PROBLEM DETAILS: Return exactly the lines from the "- BPA-Free Water" line through the last line of the entries below. Include no pictures.

MATERIAL TO PROCESS:
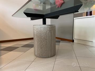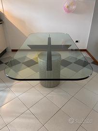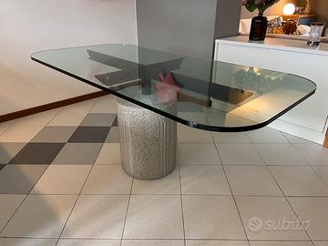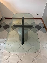 Tavolo da pranzo in cristallo misura 170x85 cm, struttura in ferro verniciato nero, basamento in cemento. Pezzo di design e alto pregio dei materiali disegnato da Giovanni Offredi per Saporiti Italia.
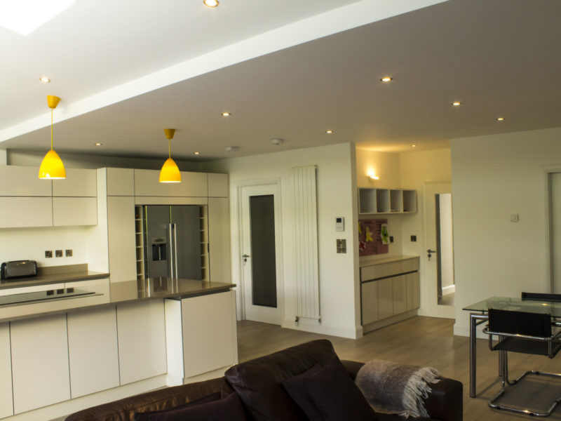 This project involved the extension and complete refurbishment of an existing house in Goatstown. The existing house was dark and segregated into small individual rooms. Some existing extensions had exacerbated this problem with the position of the utility room to the rear of the house blocking all the natural light. The clients brief was to create a new light filled kitchen, dining and living area to connect to the rear garden. After demolition of the existing poor quality 1980’s extension, the ground floor level was extended to provide additional open plan living and dining space and we reconfigured the first floor to give our clients a new master bedroom with walk in wardrobe and en-suite. The roof of the new rear extension was pitched upwards to allow light to penetrate deeper into the plan of the house creating a bright and uplifting space. A full high performance folding screen system was selected running floor to ceiling allowing most of the wall to be opened up to make a vital connection with the garden.
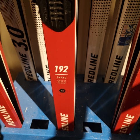 Madshus Skate Redline 24/25, F2 konstruksjon, M61 Slip, 192cm, målt opp til 72kg, pris: 4200kr
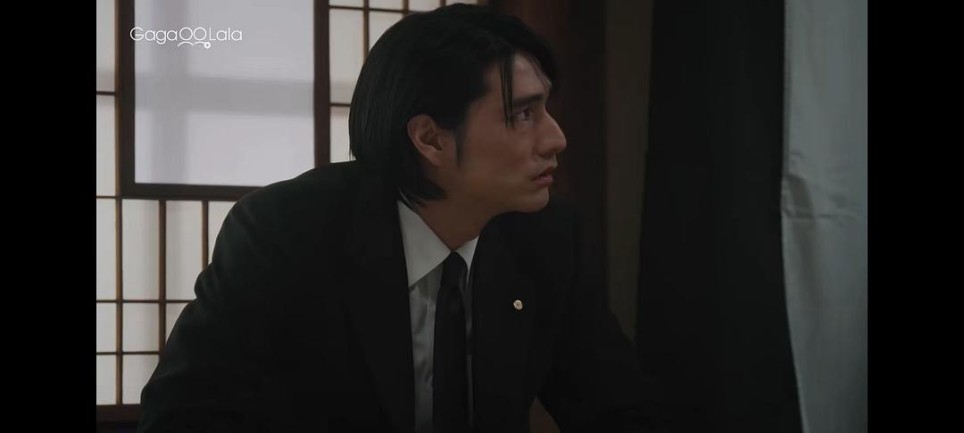但是剧版呈现的方式很奇怪,它看起来像是四代目给混在人群后面的杀手递了个眼色示意开始行动,然后自己就缩到后面去了(不是大哥,这么多人看着呢?你这么整真的好吗?),杀手就开始杀攻(而此时攻就坐在四代目的亲妈大姐头身边,就以他这个枪法,四代目你不怕他打中你亲妈吗?),打了第一枪偏了,打到了榻榻米上,小弟们开始一拥而上抢枪,开始了那个漫长又离谱的动线(这个前面已经吐槽过了就不重复了)……整个混乱的枪战看起来就像是为了染血初吻那碟醋包的饺子,导演想要利用自然光打到攻受的脸上塑造出一种神圣感,这样吻起来会很好看,
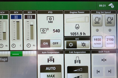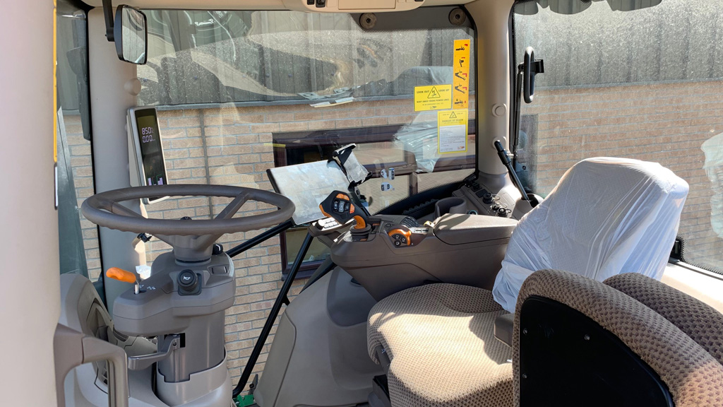 AUTOPOWR 50KM/H, COMFORTVIEW CAB WITH COMMANDPRO & HYDRAULIC CAB SUSPENSION, TLS+ WITH BRAKES, 3 PREMIUM E-SCV’S, B-POST DOOR, AUTOTRAC READY, PREMIUM SEAT, G5PLUS COMMANDCENTER, 900KG BPW, PICK-UP HITCH WITH HOOK+DRAWBAR, PREMIUM LIGHT PACKAGE, HYD IPM, HYDRAULIC & AIR TRAILER BRAKES, 650/65R38 540/65R28 NO PREF.
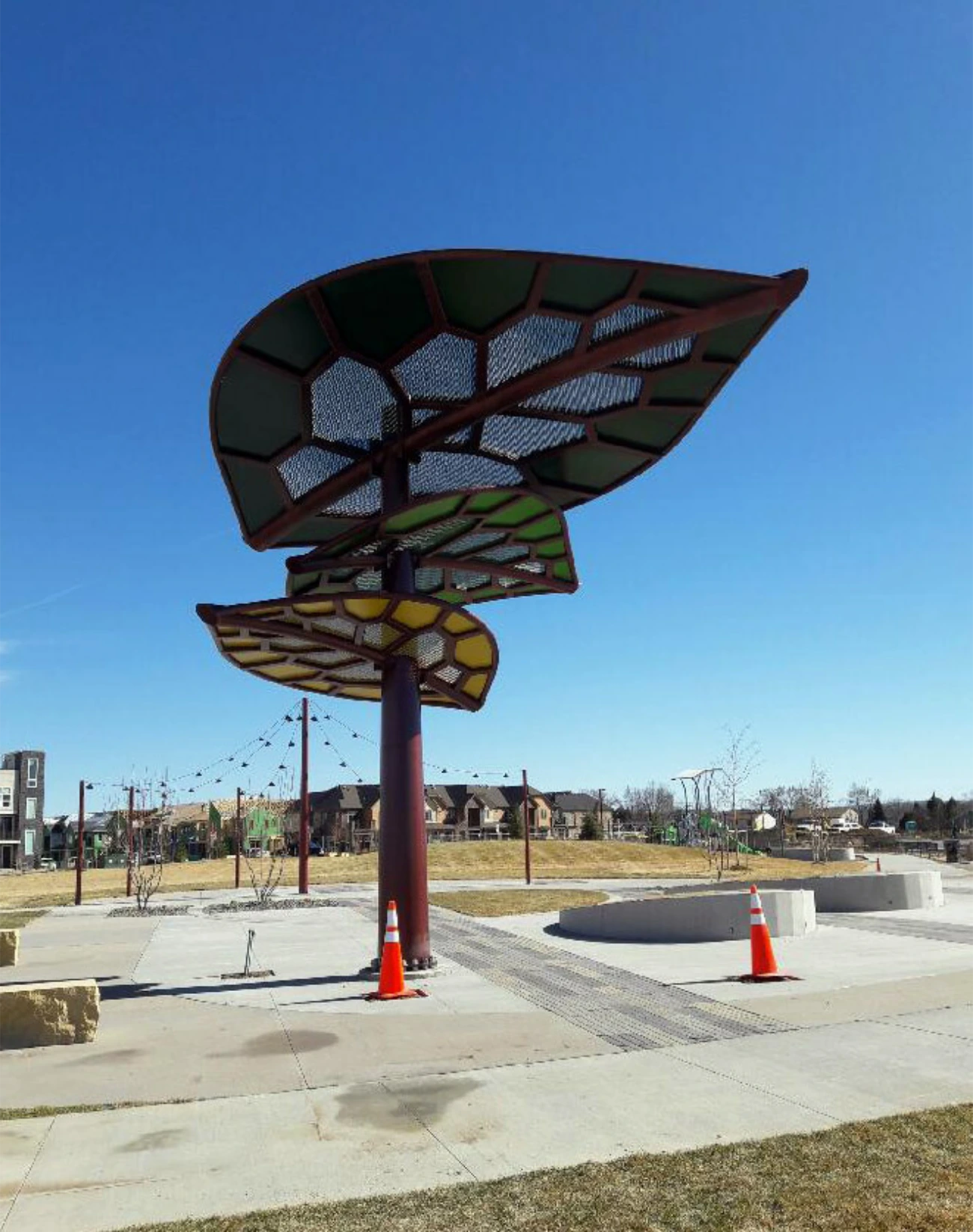 Littleton Village Public Art Project – An Award-Winning Showcase of Creativity and Craftsmanship In 2017-2018, BSC Signs partnered with Norris Design of Denver to bring the Littleton Village Public Art Project to life, crafting two imaginative 3D leaf canopy structures for the central park of this 77-acre residential development. These massive, colorful sculptures, each weighing 11,000 pounds, tower over visitors, inspiring a sense of wonder and playfulness. The project earned BSC Signs the prestigious Best In Show award, a testament to the innovative collaboration and craftsmanship involved.
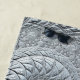 This monochrome beach towel features an abstract spiral fractal design in light grey and black.
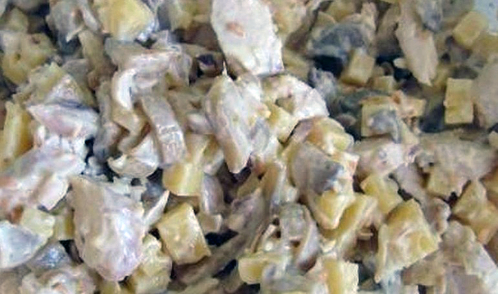 - Peler les pommes de terre, les œufs, les oignons, les couper en petits morceaux et les mettre dans un bol.
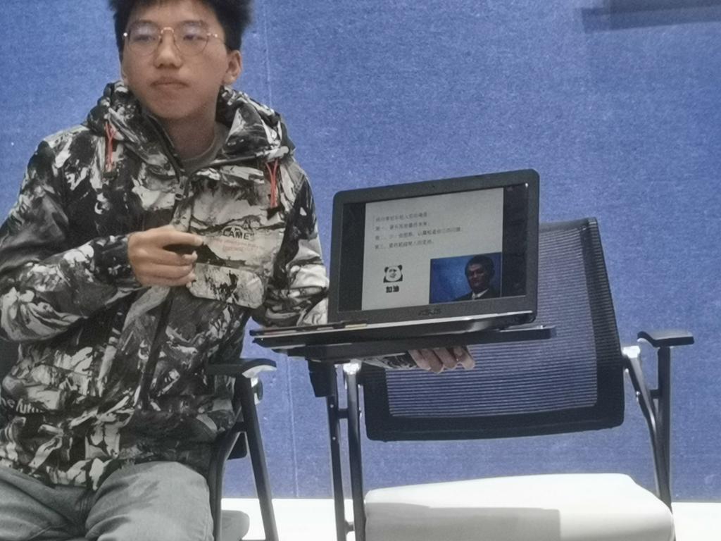 第四组的耿冬雪同学带来的是《任正非与华为》。通过讲述任正非青年时期的贫苦家庭条件,让同学们在为他感到惋惜的同时,也不由得惊讶他如今的成就。分析了华为从一步步蜕变,到如今走向世界的硬核技术,每一次都带给人们不一样的惊喜。怎样的信念才能支撑他走向这一步,又是什么勇气让他有着会当凌绝顶的决心,成为科技产业领军人物,这其中付出的可想而知。任正非理性低调,果敢自信,甚至面对竞争对手的霸气与嚣张都是他成就华为的态度。他的精神值得大家赞赏,更是青年人的学习榜样。优越的家庭条件不一定造就优越的人才,但值得肯定的是寒门生活也会造就一批成功的人物,任正非定会激励更多贫苦的人迈向新的道路。
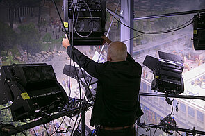 From the pilot project EVEREST onwards, Yadegar Asisi is collaborating with the well-known composer and pianist Eric Babak. In close collaboration between the two artists, the impressive soundscape of the panoramas is harmonized directly in the exhibition space with the lighting patterns to create an atmospheric overall installation. Depending on the project, the productions use, among other things, large orchestras and choirs, but also minimalist synthesizer sounds in combination with everyday noises to make the special atmosphere of the themes audible and tangible in the constant change of panorama sequences.
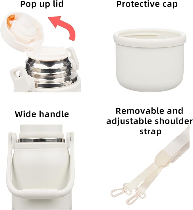 - BPA-Free Water Bottle with Carry Handle and Shoulder Strap: Has a silicone spout and a shoulder strap, all can removable for easy cleaning, comfortable handle makes it easy to carry, also making it an ideal choice for outdoor activities or everyday use
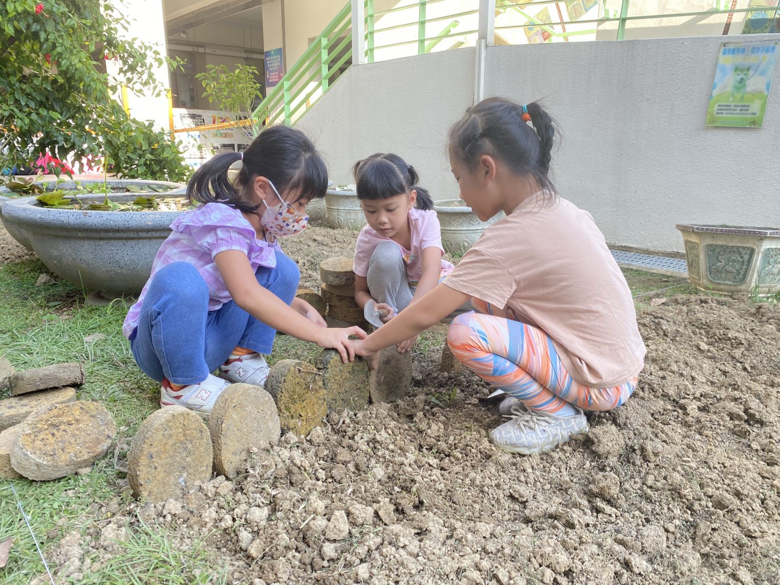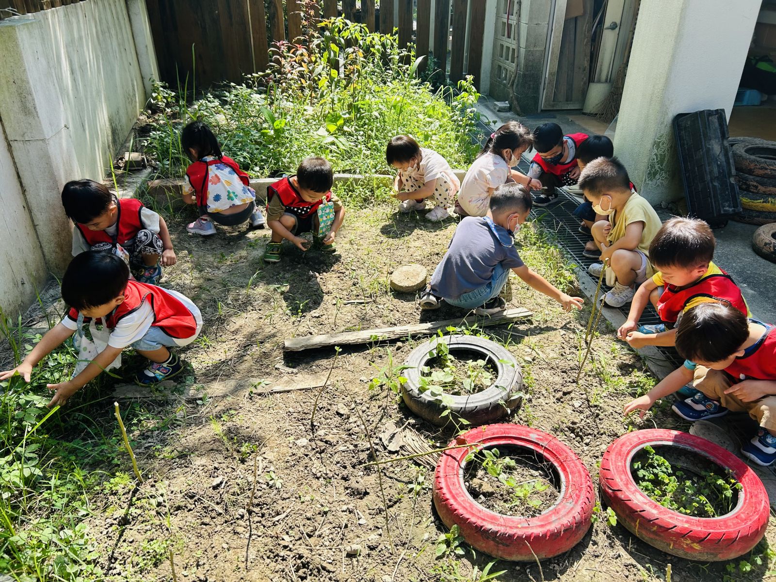 .大家分工合作一起完成蝴蝶園的基礎設施建設、邀請家長協助鬆土工作。

OUTPUT BELOW:
 - BPA-Free Water Bottle with Carry Handle and Shoulder Strap: Has a silicone spout and a shoulder strap, all can removable for easy cleaning, comfortable handle makes it easy to carry, also making it an ideal choice for outdoor activities or everyday use
 .大家分工合作一起完成蝴蝶園的基礎設施建設、邀請家長協助鬆土工作。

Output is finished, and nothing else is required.